COURTESY PERFORMA
COURTESY PERFORMA
The biennial Performa’s opening-night gala for its tenth-anniversary edition happened to fall on All Saints’ Day, and so it’s appropriate that the chosen setting was a church. On Sunday, a small group of guests were led into the nave of St. Bart’s on Park Avenue, the aisle lined with green neon, and took seats on a square of mini-bleachers erected in the center of the transept. Each person seated was watching the ballet master David Hallberg—the first American to become a principal dancer in the Bolshoi Ballet—standing in his skivvies, his body painted with ancient anatomy diagrams, a dulcimer Renaissance ditty echoing off the buttresses.
COURTESY PERFORMA
This was the start of Fortuna Desperata, a Performa commission by Francesco Vezzoli in collaboration with Hallberg. It seems Vezzoli, the Italian artist who in recent years has focused on making short films stuffed with bold-faced names, has grown tired of working with extremely famous actors, singers, academics and models, and now wants to work with extremely famous ballet dancers (though some flashes of star power remain; the costumes in the performance were all custom Prada).
After the principal stood still for a few minutes, the set piece was fleshed out by five other dancers. Led by Hallberg, they engaged in a series of 15th-century Italian mating two-steps, as interpreted from the original sources by historian Deda Cristina Colonna, communicating not by words but by touches of the hand and flicks of an ankle—and, in the case of Hallberg, a big shit-eating grin that he broke out judiciously.
This synced up nicely with Performa’s stated Renaissance theme this year, and unlike many other of the events in the Performa slate, this would not be repeated throughout the month: there were two performances Sunday night, and that was it.
After the final performance, there was a reception at Inside Park—which is probably the only bar in a church in New York. Performa’s founding director and curator, RoseLee Goldberg, remarked that she “couldn’t be happier” with how this year’s show had started.
“What I say about Performa is that it’s 100 percent risk and 100 percent trust,” she said. “100 percent risk means you don’t really know what you’re getting. It’s not like we take this out to the suburbs and do a tryout—tonight’s the night, and it’s a one-time performance. 100 percent trust is, there are artists that I just 100 percent believe in and I know they would deliver. Tonight they did exactly that.”

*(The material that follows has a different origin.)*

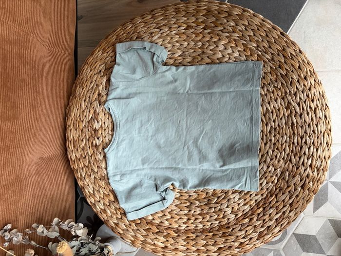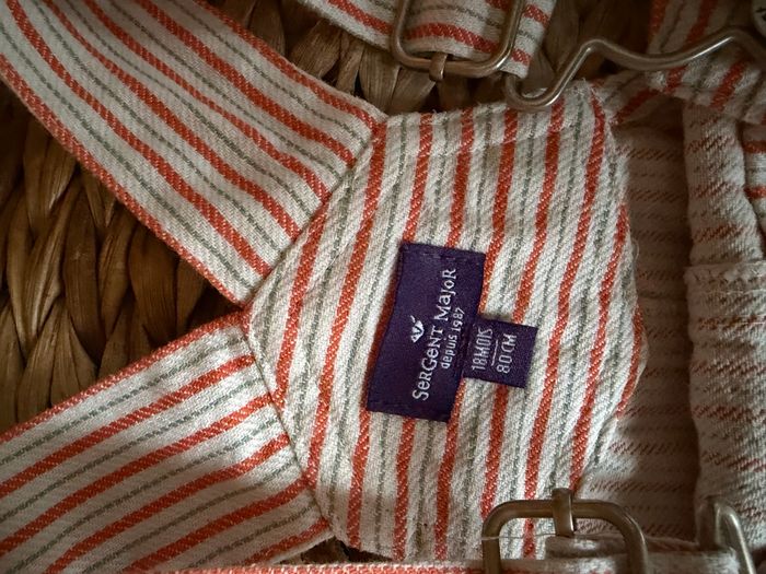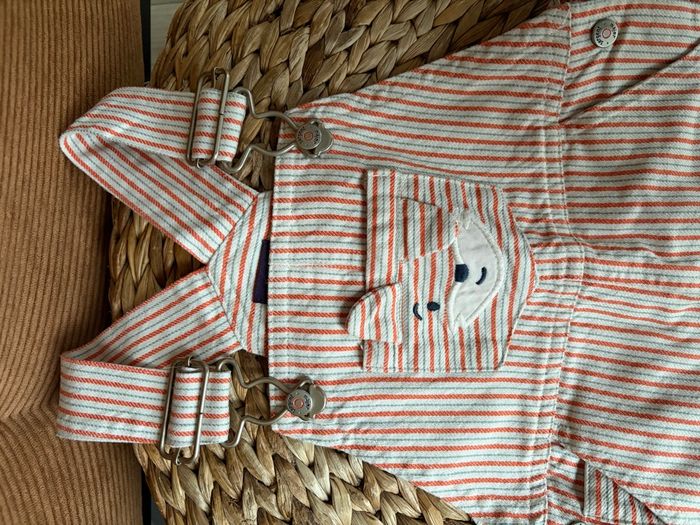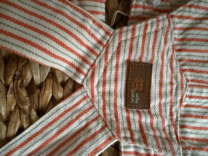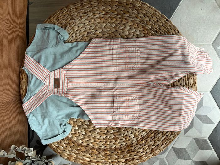 Ensemble comprenant : - un teeshirt H&M vert sauge - très bon état - une salopette rayée Sergent Major thème À la ferme - neuve juste lavée Rouge orangé / beige

The collaboration may have been an interesting choice, then, as Vezzoli has rankled critics in the past. And, speaking of risk, we’ve yet to mention Hallberg’s foot injury that’s kept him on the sidelines all year.
Still, the duo appealed to Goldberg, and that’s what she went with for Performa’s opening act.
“I’ve been wanting to talk about the Renaissance for years,” Goldberg said. “It was the artist’s job in the 1450s to create the events that went with the marriage, the victory, the march. Francesco, the moment he heard I was doing the Renaissance he said, ‘That’s mine, that’s mine!’ And I said, ‘You’re absolutely right.’ And David Hallberg is an impeccable presence beyond anything. There’s such an understanding of the body and what the body’s capable of—of projecting elegance and grace and integrity.”
The Performa Hub, the biennial’s headquarters and site of many of its events, is now open as of noon today, and programming will run until November 22.